O homem das barbas à Rasputine é mesmo bom. Vejam bem a equipa que ele montou e com que jogadores. E vejam a enormidade que jogam os portugueses que ele levou para lá (são tantos!). Um bálsamo para os olhos de Fernando Santos em ano de Europeu. Não é só Rui São Patrício (32 anos), João Moutinho (33) e Rúben Neves (22), que esses todos conhecemos e têm lugar certo no núcleo duro do engenheiro. São os outros. É Diogo Jota (23 anos), a fazer uma época sensacional e a mostrar qualidades (velocidade, mobilidade… e golo!, já são 15) mais do que suficientes para se juntar a CR7 e Bernardo no ataque da Seleção. É Rúben Vinagre (20), uma força da natureza a dizer que há vida na lateral esquerda para além de Raphael e Mário Rui; é o velocíssimo Pedro Neto (19 anos) a dizer que Francisco Trincão não é o único putativo menino de ouro saído da academia do Braga.

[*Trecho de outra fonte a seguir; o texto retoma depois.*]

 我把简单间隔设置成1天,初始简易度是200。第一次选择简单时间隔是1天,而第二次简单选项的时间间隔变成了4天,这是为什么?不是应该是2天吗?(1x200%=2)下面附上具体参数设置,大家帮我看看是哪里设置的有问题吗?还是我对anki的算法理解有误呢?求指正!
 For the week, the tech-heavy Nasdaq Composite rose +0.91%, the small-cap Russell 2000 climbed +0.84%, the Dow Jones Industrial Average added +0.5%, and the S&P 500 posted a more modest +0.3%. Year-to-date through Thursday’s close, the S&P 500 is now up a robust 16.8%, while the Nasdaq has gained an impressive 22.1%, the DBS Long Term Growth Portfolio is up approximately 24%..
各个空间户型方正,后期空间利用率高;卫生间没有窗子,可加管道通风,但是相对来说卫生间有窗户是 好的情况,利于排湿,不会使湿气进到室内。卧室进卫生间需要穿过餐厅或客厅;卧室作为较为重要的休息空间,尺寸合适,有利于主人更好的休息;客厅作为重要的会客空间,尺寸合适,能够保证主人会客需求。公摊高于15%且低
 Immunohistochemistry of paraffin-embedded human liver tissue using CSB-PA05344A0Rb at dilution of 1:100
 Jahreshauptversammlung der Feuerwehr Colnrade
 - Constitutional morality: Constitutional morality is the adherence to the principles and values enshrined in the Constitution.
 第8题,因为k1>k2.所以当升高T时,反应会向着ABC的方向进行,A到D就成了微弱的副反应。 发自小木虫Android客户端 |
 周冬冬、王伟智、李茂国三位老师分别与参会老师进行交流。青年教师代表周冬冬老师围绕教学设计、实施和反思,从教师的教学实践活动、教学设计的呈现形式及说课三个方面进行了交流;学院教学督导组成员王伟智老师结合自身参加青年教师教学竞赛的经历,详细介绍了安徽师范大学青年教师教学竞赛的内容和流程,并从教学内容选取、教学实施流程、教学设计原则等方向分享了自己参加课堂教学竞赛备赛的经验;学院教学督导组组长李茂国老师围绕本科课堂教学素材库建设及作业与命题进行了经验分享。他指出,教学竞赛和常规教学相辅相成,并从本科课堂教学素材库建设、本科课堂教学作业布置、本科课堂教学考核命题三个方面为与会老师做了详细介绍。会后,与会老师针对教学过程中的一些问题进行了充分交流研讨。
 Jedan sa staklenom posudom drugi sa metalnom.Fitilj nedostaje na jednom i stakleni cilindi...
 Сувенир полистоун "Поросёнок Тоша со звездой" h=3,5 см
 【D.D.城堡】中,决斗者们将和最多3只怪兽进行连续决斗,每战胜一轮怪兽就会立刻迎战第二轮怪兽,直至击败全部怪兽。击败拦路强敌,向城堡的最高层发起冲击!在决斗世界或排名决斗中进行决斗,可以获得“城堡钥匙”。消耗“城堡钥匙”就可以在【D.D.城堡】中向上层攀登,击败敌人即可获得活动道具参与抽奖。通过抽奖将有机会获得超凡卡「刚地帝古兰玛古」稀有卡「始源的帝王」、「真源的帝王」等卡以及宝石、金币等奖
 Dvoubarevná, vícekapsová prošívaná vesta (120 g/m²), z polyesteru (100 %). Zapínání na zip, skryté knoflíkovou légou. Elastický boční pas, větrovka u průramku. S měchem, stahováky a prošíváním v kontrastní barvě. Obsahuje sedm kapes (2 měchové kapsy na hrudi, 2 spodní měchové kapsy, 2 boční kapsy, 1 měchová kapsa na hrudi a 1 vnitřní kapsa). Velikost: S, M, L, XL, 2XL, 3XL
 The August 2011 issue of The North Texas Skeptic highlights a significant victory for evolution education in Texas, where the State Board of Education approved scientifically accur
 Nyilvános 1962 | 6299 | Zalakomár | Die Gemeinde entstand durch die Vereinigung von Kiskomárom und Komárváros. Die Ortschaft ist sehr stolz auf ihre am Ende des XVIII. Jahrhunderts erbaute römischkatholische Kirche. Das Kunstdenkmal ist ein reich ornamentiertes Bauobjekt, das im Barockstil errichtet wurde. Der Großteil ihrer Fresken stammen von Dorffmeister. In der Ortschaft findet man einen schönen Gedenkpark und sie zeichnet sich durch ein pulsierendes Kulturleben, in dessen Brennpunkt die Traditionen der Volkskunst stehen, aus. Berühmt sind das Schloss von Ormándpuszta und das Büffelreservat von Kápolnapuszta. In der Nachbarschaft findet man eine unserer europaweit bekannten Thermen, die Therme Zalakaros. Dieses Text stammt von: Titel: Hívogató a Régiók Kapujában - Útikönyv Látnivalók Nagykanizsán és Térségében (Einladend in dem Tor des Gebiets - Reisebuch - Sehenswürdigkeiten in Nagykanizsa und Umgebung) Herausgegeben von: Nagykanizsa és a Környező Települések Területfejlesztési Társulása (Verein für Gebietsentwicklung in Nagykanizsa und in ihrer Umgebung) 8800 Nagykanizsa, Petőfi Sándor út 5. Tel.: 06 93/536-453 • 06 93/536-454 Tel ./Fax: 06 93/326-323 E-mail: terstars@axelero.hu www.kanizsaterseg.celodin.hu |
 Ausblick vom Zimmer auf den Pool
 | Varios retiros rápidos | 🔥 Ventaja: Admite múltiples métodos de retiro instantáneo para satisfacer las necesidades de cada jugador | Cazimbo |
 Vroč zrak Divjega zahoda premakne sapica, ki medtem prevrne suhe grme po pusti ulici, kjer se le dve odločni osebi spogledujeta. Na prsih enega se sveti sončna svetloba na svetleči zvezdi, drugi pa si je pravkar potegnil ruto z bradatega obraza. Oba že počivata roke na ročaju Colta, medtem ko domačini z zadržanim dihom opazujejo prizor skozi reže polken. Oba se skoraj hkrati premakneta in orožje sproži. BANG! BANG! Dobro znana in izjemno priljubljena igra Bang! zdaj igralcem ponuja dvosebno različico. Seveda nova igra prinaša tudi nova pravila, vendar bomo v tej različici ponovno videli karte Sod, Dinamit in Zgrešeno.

O que mais impressiona nesta rapaziada é o ritmo e a intensidade que mostram ao fim de 47 jogos. E isso é mérito de Nuno, quer dizer, da maneira como ele injetou a essência da Premier no cérebro, na caixa torácica e nas pernas da sua aportuguesada alcateia. A pressão e a agressividade de Moutinho e Rúben Neves sobre os médios do Totenham. A maneira como Vinagre fez todo o corredor esquerdo: que impressionante poder atlético!, como costuma dizer (cheio de razão) o nosso Santos Neves. Até o próprio Daniel Podence, extremo veloz que Nuno entendeu capturar a Pedro Martins (Olympiacos), já parece sintonizado com o ritmo e o pulsar da Premier. Volto a dizer: Fernando Santos tem no Wolverhampton de Nuno Espírito Santo não só o maior fornecedor individual da Seleção, mas um laboratório de exceção no seio do futebol mais competitivo do Mundo. Ele que o aproveite, numa época em que algumas das nossas maiores promessas estão a ser uma verdadeira desilusão - João Félix à cabeça, mas também Rafael Leão, Gonçalo Guedes, André Silva, Gelson Martins e o próprio Renato Sanches, mais solto e confiante no Lille mas ainda e sempre muito longe daquilo que mostrou há quatro anos.